Türkei – Zur Aufhebung der Immunität der Abgeordneten des türkischen Parlaments ist eine Änderung in der türkischen Verfassung notwendig. Die AKP hat einen Gesetzesentwurf über einen Zusatzparagrafen vorgelegt, der vorübergehend wirksam sein soll. Damit soll die Aufhebung der Immunität all jener Abgeordneten zugelassen werden, gegen die aktuell ein dem entsprechender Antrag der Staatsanwaltschaft dem Parlament vorliegt. In dem Falle der Annahme des Gesetzentwurfes ist dann auch eine Einzelfallprüfung nicht mehr notwendig. Am 17.05.2016 soll die erste Runde in der Abstimmung über das umstrittene Gesetz vor der Kammer des Parlaments stattfinden. Die HDP wird an ihr teilnehmen, obwohl sie selbst den Vorstoß der AKP scharf verurteilt und davon ausgeht, das seine einzige Zielsetzung darin besteht, die HDP aus dem Parlaments auszuschließen. Die zweite und letzte Tour im Abstimmungsverfahren ist für Freitag den 20. Mai vorgesehen. Entgegen allen anderen Gesetzestexten werden Gesetzesvorstöße die Verfassung betreffend mit einer ganz bestimmten Prozedur und in geheimer Wahl beschlossen. In der ersten Tour dürfen höchstens 7 Änderungsanträge gestellt werden. Jeder Änderungsantrag wird einzeln behandelt und abgestimmt. Zwischen erster und zweiter Tour der Abstimmung müssen mindestens 48 Stunden vergangen sein. In der zweiten Tour wird dann über den kompletten Gesetzesantrag und dessen Unterparagrafen abgestimmt.

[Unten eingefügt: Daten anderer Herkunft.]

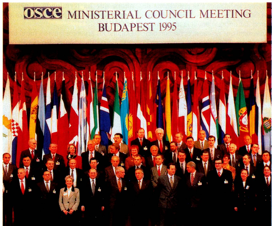
En la conferencia de ministros de la OSCE llevada a cabo en Budapest, Hungría, el pasado diciembre, se inició la presidencia de Suiza.

La responsabilidad general por la implementación de los objetivos de la OSCE (dirección de las operaciones de diplomacia preventiva, tomar la iniciativa en casos de crisis y/o cuando se violan las reglas de la OSCE y el presidio de los diferentes órganos) este año le corresponde a Suiza con el apoyo de Hungría y Dinamarca. La realización

Damit der Gesetzentwurf als Angenommen gilt benötigt er in der letzten Abstimmung der zweiten Tour 330 Stimmen, liegt er darunter, gilt er als abgelehnt. Hat er zwischen 330 und 367 Stimmen erreicht, wird er dem Präsidenten mit dem Antrag ihn über ein Volksvotum durchzusetzen vorgelegt. Sollte er mehr als 367 Stimmen bekommen, wird er dem Präsidenten zur Unterschrift vorgelegt. Sobald der Präsident seine Zustimmung erteilt hat, wird er dann offiziell veröffentlicht. Zwei Wochen nach offizieller Veröffentlichung tritt er in Kraft.
Die HDP, die den Gesetzesvorstoß der AKP als „Staatsstreich“ definiert, hat zwar lange über die Frage ihrer Teilnahme an der Abstimmung diskutiert, sich dann jedoch dazu entschlossen bei der ersten Tour der Abstimmung anwesend zu sein. Im Vorfeld hatte die HDP bereits in 11 Städten 68 Versammlungen abgehalten, bei denen sie mit der Bevölkerung über den Gesetzesvorstoß diskutierte und Anregungen und Vorschläge dazu entgegen nahm. Dabei waren auch jeweils Abgeordnete der HDP zugegen. Es war geplant, dass auf einer Sitzung die Vorschläge und Anregungen ausgewertet werden. Sie sollen eine wichtige Rolle im weiteren Vorgehen gegenüber dem Gesetzesvorstoß spielen. Es wurde davon ausgegangen, dass die beiden Co-Vorsitzenden der HDP, Selahattin Demirtaş und Figen Yüksekdağ, die Sitzung leiten werden und sowohl die Abgeordneten der HDP als auch der Exekutivrat der Partei bei der Versammlung anwesend sein werden.